In the end, the 77% hike for the ESP comes to an increase of around Nu 5,390 per month while the 55.6% hike for GSP comes to 4,271 to 4,492.
This is compared to a 45.2 percent total hike of a government secretary which comes to around Nu 29,800 per month.
A 35.2 percent hike for an MP comes to around 23,172 per month. This is not even including the Nu 4,000 hike for driving allowance and 3,000 hike for fuel allowance.
In the case of the PM, the total hike comes to 55,800 per month while it is 40,300 for ministers, NA Speaker, NC Chairman and the Opposition Leader.
For Constitutional posts and Drangpons of Supreme Court and High Court the hike is between 33,972 to 27,133. For the Cabinet Secretary the increase is 33,972.

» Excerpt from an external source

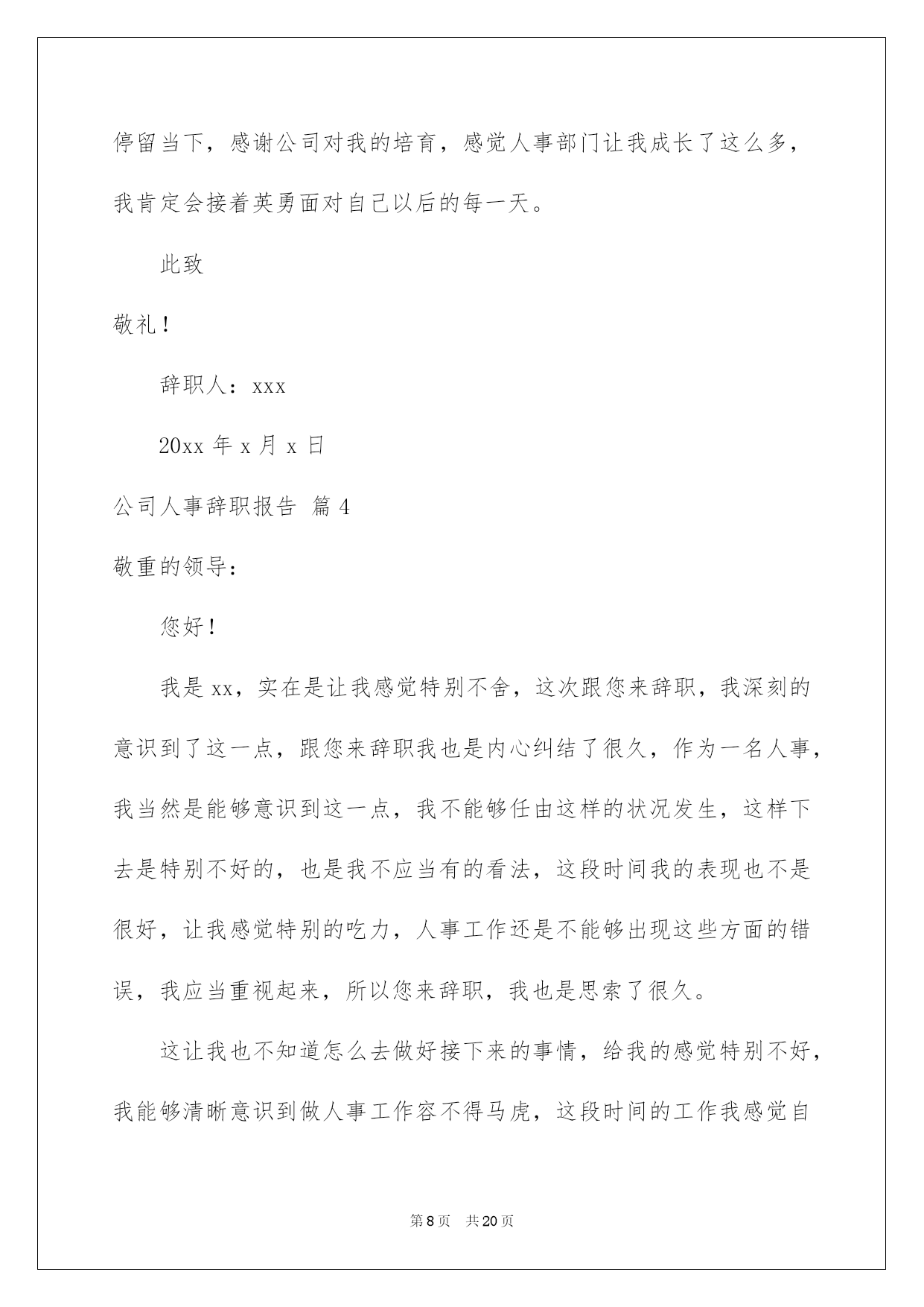 第PAGE\*Arabic\*MERGEFORMAT20页共NUMPAGES\*Arabic\*MERGEFORMAT20页第PAGE\*MERGEFORMAT20页共NUMPAGES\*MERGEFORMAT20页第PAGE\*MERGEFORMAT20页共NUMPAGES\*MERGEFORMAT20页第PAGE\*MERGEFORMAT20页共NUMPAGES\*MERGEFORMAT20页第PAGE\*MERGEFORMAT20页共NUMPAGES\*MERGEFORMAT20页第PAGE\*MERGEFORMAT20页共NUMPAGES\*MERGEFORMAT20页第PAGE\*MERGEFORMAT20页共NUMPAGES\*MERGEFORMAT20页第PAGE\*MERGEFORMAT20页共NUMPAGES\*MERGEFORMAT20页第PAGE\*MERGEFORMAT20页共NUMPAGES\*MERGEFORMAT20页第PAGE\*MERGEFORMAT20页共NUMPAGES\*MERGEFORMAT20页第PAGE\*MERGEFORMAT20页共NUMPAGES\*MERGEFORMAT20页2022公司人事辞职报告公司人事辞职报告范文汇编9篇随着个人的素养不断提高,报告与我们愈发关系亲密,报告依据用途的不同也有着不同的类型。那么,报告究竟怎么写才合适呢?以下是我收集整理的公司人事辞职报告9篇,欢迎大家共享。公司人事辞职报告篇1敬重的领导:您好!我是人事部的助理XXX,特此给您写这份关于我要辞职的辞职报告,在此向您提出辞职,希望您能允许。我是在20xx年进入的公司,来到公司也快X年了,从我还是实习生起先就在公司了,所以我在公司待的事情还是特别的久的,我也对公司的人,公司的物,都有着深厚的感情,对我与公司一起经验的事情也是一样的历历在目。公司的人都特别的和善,而且对于公司的领导也是特别的和气,在公司从不会有压抑,惊慌的感觉,感觉在这个公司上班就是一种享受,每个人都是不骄不躁,不急不慢的做着公司的日常工作,但是在我们须要处理紧急事务的时候,我们就会自动拧成一股绳,快速而又完备的完成它,所以我很喜爱公司的企业文化,我们是相对单独的个体,同时我们也是特别团结的大家庭。在公司的团建活动中,我们也不会有职位之分,每个人都向挚友一样对待,在该玩的时候就好好的玩,在该工作的时候就仔细的工作,这始终是工作所宣导的,所以我们平常的集体活动也是特别的多。我真的也很感谢公司能够在这么久的时间里对我的栽培,很感谢公司的培育,喝水不忘挖井人,以后不管我在哪里,我都会满怀对公司的感恩。至于为什么要离开公司,为什么会选择在此时离开公司,缘由有许多,可能工作上的工作让我觉得没有挑战了,不再新颖了,可能也有别的其他的缘由吧。我主要的缘由就是我从进入公司起先,到现在我始终是这个岗位,始终都人事助理,每一天的工作就是帮助人事处理公司员工的各项事情,离职,入职,聘请,以及面试等人事须要帮助的事情,我都须要去做,可是就是在见证了公司的员工的来来走走,今日走了这个,明天可能那个就来了,所以就在公司一轮又一轮的换了之后,我仍旧还是处于这个岗位,从我来到公司时候是个助理,现在还是个助理。但是人总是须要前进的,须要向前看的,不行能始终甘愿在原地踏步,也希望自己的努力能与自己的职位工资成正比,自己的付出能与收获成正比,全部我在考虑很久之后,选择在现在,在此刻向您提出辞职。我会尽量在最短的时间里将自己工作处理好,并且完成对接,而且在我离开公司之后,我也不不会忘了公司的恩情,感谢公司,感恩公司。最终,希望领导您能尽快审查我的辞职报告,并尽早批准,再次感谢。此致敬礼!辞职人:XXX20xx年X月X日公司人事辞职报告篇2敬重的领导:您好!在20xx年x月,我入职到贵公司,任职着人事助理一职,算一下时间也有两年了吧。在这将近两年时间里,我看过许多员工的辞职报告,现在自己写这份沉重的辞呈,并将它交给领导,内心也是感概万分啊。我很感谢本部门的经理对我这两年的训诲和信任,在人事助理的职位上,我接触到了一些自己之前从来没有触遇到的领域,因为我所学的专业和人力资源这个行业毫无关系,所以,我就是在公司从零起先,学习如何把握薪酬的设计以及计算,学习要如何为公司聘请合适的人员。当然还有一些简洁的工作,比如,办理社会保险,还有签订员工劳动合同。聘请员工和设计薪酬是经理一步一步地将我教会的,因为自己没有这方面的专业学问,所以对这些须要肯定学问储备的工作还是有许多困惑的,但是经理没有因此不耐烦,而是将他这么多年的经验所

For 04 to O1 civil servants the total 42.2% hike is between 3,589 to 4,425 per month. For S5 to S1 civil servants the total hike of 38.6% is between 4,294 to 6,316. For P5/SS4 to P2/SS1 the total hike of 36.2% is between 6,333 to 9,907.
The total hike for P 1 at 36.2% is 11,218. The 35% total hike for Ex3/Ex3 is 13,545, for Ex2/Ex2 it is 16,024 and for Ex1/Es1 it is 19,101 (see Box 2).
The income gap has risen because while an efforts was made to be more equitable by giving a 14 to 29 percent basic hike with the lower end getting higher hike percentages there were two problems.
The first issue is that the base of the high income civil servants is higher with a much higher existing basic pay scale and so whatever the percentages- the differences still remain.
The other issue is that the other incentives like 10 percent PBI, 7 percent PF and the HRA increase have been given almost uniformly based on the increased basic pay further widening the income and benefits gap.
The house rent allowance moved from 20 percent to 30 percent for government secretaries and Constitutional post holders which will further enhance this difference. MPs already get a 30 percent HRA.
At the same time, it is important to note that vast majority of civil servants are in the middle and lower levels which means any substantial increase in this category will also mean much bigger budgetary implications.
Of the total 29,543 civil servants in 2018 there are 14,051 (47.7%) civil servants in the Professional and Management category of P5- P1 category, 12,729 (43.2%) civil servants in Supervisory and Support (S5-SS1) category, 2,390 (8.1%) in Operational (O4-O1) position and only remaining 1% in Executive and Specialist position category.
In terms of public servants there are 5,361 ESP and GSP employees. There there are 72 in Parliament, 26 constitutional posts, 553 NFE instructors, 1.499 in local government, 277 para regulars, 114 in RAPA and six others coming to a total of 7,908 public servants.
There are then 3,087 working in contract in the civil service mostly in education and projects.
This takes the total to 38,003 public servants who mostly make up the middle or bottom. While the income gap or difference in the civil service will widen the difference will be even higher with the private sector.
Bhutan’s weak private sector is already lagging behind in wages compared to civil servants. Except for a few big companies the vast majority of small and mid-sized companies will not be able to given a similar basic pay hike.
Added to this is now the headache that the government’s PF contribution will move from 11 percent to 18 percent and there is a 10 percent PBI. In the private sector the company has to contribute the PF which in most cases is well below the government’s current 11% contribution. While the civil servants will see at least some increase in the HRA there will be no similar relief for private sector employees.
So while landlords will uniformly increase the rent, the civil servants will at least have the capacity to pay, but the financial pressure will increase on private sector employees and along with that an ever-widening income gap between the government and private sector.